0
$\begingroup$

We have a joint probability distribution $f_{X,Y}(x,y)=\frac{1}{10}$, defined over the domain $(x,y)\in[-1,1]\times[-2,2]\cup[1,2]\times[-1,1]$. From this, I need to find the conditional PDFs $f_{X|Y}(x|y)$ and $f_{Y|X}(y|x)$.

I have figured out the marginal PDFs,

\begin{align*} f_X(x)&=\left\{\begin{array}{lr}\frac{2}{5},&-1\leq x\leq 1\\ \frac{1}{5},&1<x\leq2\end{array}\right.\\ \\ f_Y(y)&=\left\{\begin{array}{lr}\frac{2}{10},&-2\leq y<-1\\\frac{3}{10},&-1\leq y\leq 1\\ \frac{2}{10},&1<y\leq 2\end{array}\right. \end{align*}

However, am stuck on how to find the conditionals, due to the various domain constraints. I thought about splitting it up into two/three areas, and then finding $f_{X|Y\in a}(x)$, but I wasn't sure how to move from this partition into a single function for $X|Y$ and $Y|X$, and every other idea I think of won't normalise.
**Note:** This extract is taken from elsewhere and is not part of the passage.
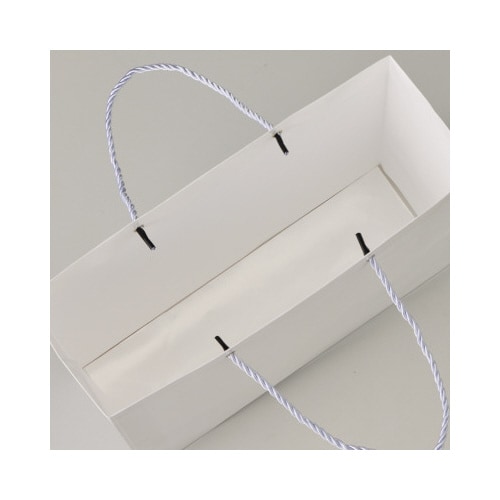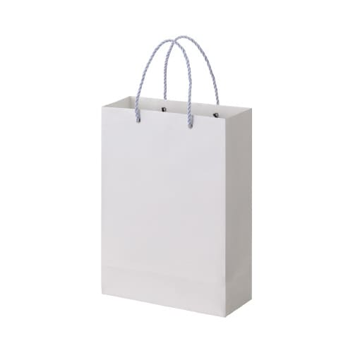 表面がポリエチレンでラミネートされているので雨などの水濡れに強い紙手提げ袋です。お客様へのお渡しや営業の持ち運びなどシーン問わず使いやすいシンプルな白無地デザインです。 |

Note: I need to eventually find the variances of $X$ and $Y$ using the the expectation and variance of $Y|X$ and $X|Y$, I'm assuming with the law of total variance? If the functions stay split up, I'm assuming I just evaluate each section individually and then add them up?

$\endgroup$
  • $\begingroup$ By definition, conditional pdf are simply: $f_{X\mid Y}(x\mid y)=\frac{f_{X,Y}(x,y)}{f_Y(y)}$ and $f_{Y\mid X}(y\mid x)=\frac{f_{X,Y}(x,y)}{f_X(x)}$ $\endgroup$ – Graham Kemp Oct 2 '14 at 7:42
  • $\begingroup$ I tried doing that directly, the issue is that $f_Y(y)$ and $f_X(x)$ are different depending on where my $y$ and $x$ are. But, if I then define my conditional PDFs based on the domains of $x$ and $y$, I end up with PDFs that won't normalise. $\endgroup$ – keefles Oct 2 '14 at 8:05
  • $\begingroup$ Why won't it normalise for you? $\endgroup$ – Graham Kemp Oct 2 '14 at 8:43
  • $\begingroup$ I'd assume because I'm doing something wrong - but with each method I tried, the probabilities would not add to one (generally going over one). $\endgroup$ – keefles Oct 2 '14 at 12:12
0
$\begingroup$

$\begin{align} f_{X,Y}(x,y) & =\begin{cases}1/10 & : (x,y)\in [-1,1]\times[-2,2]\cup[1,2]\times[-1,1] \\ 0 & : \text{elsewhere} \end{cases} \\[3ex] f_X(x) & =\begin{cases}\int_{-2}^2 1/10 \operatorname d y & : x\in [-1,1] \\ \int_{-1}^{1} 1/10 \operatorname d y & : x\in(1, 2] \\ 0 & : \text{elsewhere} \end{cases} \\[1ex] & =\begin{cases}2/5 & : x\in[-1,1] \\ 1/5 & : x\in (1,2] \\ 0 & : \text{elsewhere} \end{cases} \\[3ex] f_{Y\mid X}(y\mid x) & =\frac{f_{X,Y}(x,y)}{f_X(x)} \\[1ex] & =\begin{cases}1/4 & : x\in[-1,1], y\in[-2,2] \\ 1/2 & : x\in (1,2],y\in[-1,1] \\ 0 & : \text{elsewhere} \end{cases} \\[3ex] \mathsf E_{Y\mid X}[Y\mid X] & = \begin{cases} \int_{-2}^{2} y /4 \operatorname d y & : x\in[-1,1]\\\int_{-1}^{1} y /2\operatorname d y & : x\in(1,2]\\ 0 & : \text{elsewhere} \end{cases} \\[1ex] & = 0 \\[3ex] \mathsf E_{Y\mid X}[Y^2\mid X] & = \begin{cases} \int_{-2}^{2} y^2 /4 \operatorname d y & : x\in[-1,1]\\\int_{-1}^{1} y^2 /2\operatorname d y & : x\in(1,2]\\ 0 & : \text{elsewhere} \end{cases} \\[1ex] & = \begin{cases}4/3 & : x\in[-1,1] \\ 1/3 & : x\in (1,2]\\ 0 & : \text{elsewhere} \end{cases} \\[3ex] \mathsf {Var}[Y] & = \mathsf E_X[\mathsf E_{Y\mid X}[Y^2\mid X]]-\mathsf E_X[\mathsf E_{Y\mid X}[Y\mid X]]^2 \\[1ex] & = \int_{-1}^1 4/3\times 2/5 \operatorname d x + \int_{1}^2 1/3\times 1/5\operatorname d x \\[1ex] & = \frac{17}{15} \end{align}$

etc.


To verify that the conditional probability density functions ensure that they (1) are strictly increasing and (2) the integral over the conditional domain is equal to 1.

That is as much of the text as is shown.